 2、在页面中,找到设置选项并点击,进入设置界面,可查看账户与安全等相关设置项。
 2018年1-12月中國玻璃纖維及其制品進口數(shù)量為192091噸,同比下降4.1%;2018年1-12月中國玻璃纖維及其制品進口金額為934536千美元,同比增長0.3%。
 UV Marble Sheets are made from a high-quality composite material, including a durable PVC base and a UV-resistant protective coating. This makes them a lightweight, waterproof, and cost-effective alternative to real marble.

········

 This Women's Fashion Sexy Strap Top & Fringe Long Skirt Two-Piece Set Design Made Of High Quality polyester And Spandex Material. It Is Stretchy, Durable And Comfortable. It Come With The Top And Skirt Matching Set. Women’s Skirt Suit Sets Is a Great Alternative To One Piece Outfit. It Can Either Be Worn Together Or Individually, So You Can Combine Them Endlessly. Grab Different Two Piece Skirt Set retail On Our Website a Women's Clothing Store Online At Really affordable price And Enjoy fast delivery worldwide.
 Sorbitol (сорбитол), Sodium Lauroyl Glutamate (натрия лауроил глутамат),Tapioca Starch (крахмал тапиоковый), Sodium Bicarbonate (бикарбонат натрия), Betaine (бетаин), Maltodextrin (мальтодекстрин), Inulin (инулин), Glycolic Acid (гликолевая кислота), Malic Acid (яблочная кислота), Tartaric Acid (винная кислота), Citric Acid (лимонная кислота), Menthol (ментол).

········

__AIM OF THE EXERCISE__
Return, from the data, each line where the string "This" occurs.

__OUTPUT OF THE TASK__
 UV Marble Sheets are made from a high-quality composite material, including a durable PVC base and a UV-resistant protective coating. This makes them a lightweight, waterproof, and cost-effective alternative to real marble.
 This Women's Fashion Sexy Strap Top & Fringe Long Skirt Two-Piece Set Design Made Of High Quality polyester And Spandex Material. It Is Stretchy, Durable And Comfortable. It Come With The Top And Skirt Matching Set. Women’s Skirt Suit Sets Is a Great Alternative To One Piece Outfit. It Can Either Be Worn Together Or Individually, So You Can Combine Them Endlessly. Grab Different Two Piece Skirt Set retail On Our Website a Women's Clothing Store Online At Really affordable price And Enjoy fast delivery worldwide.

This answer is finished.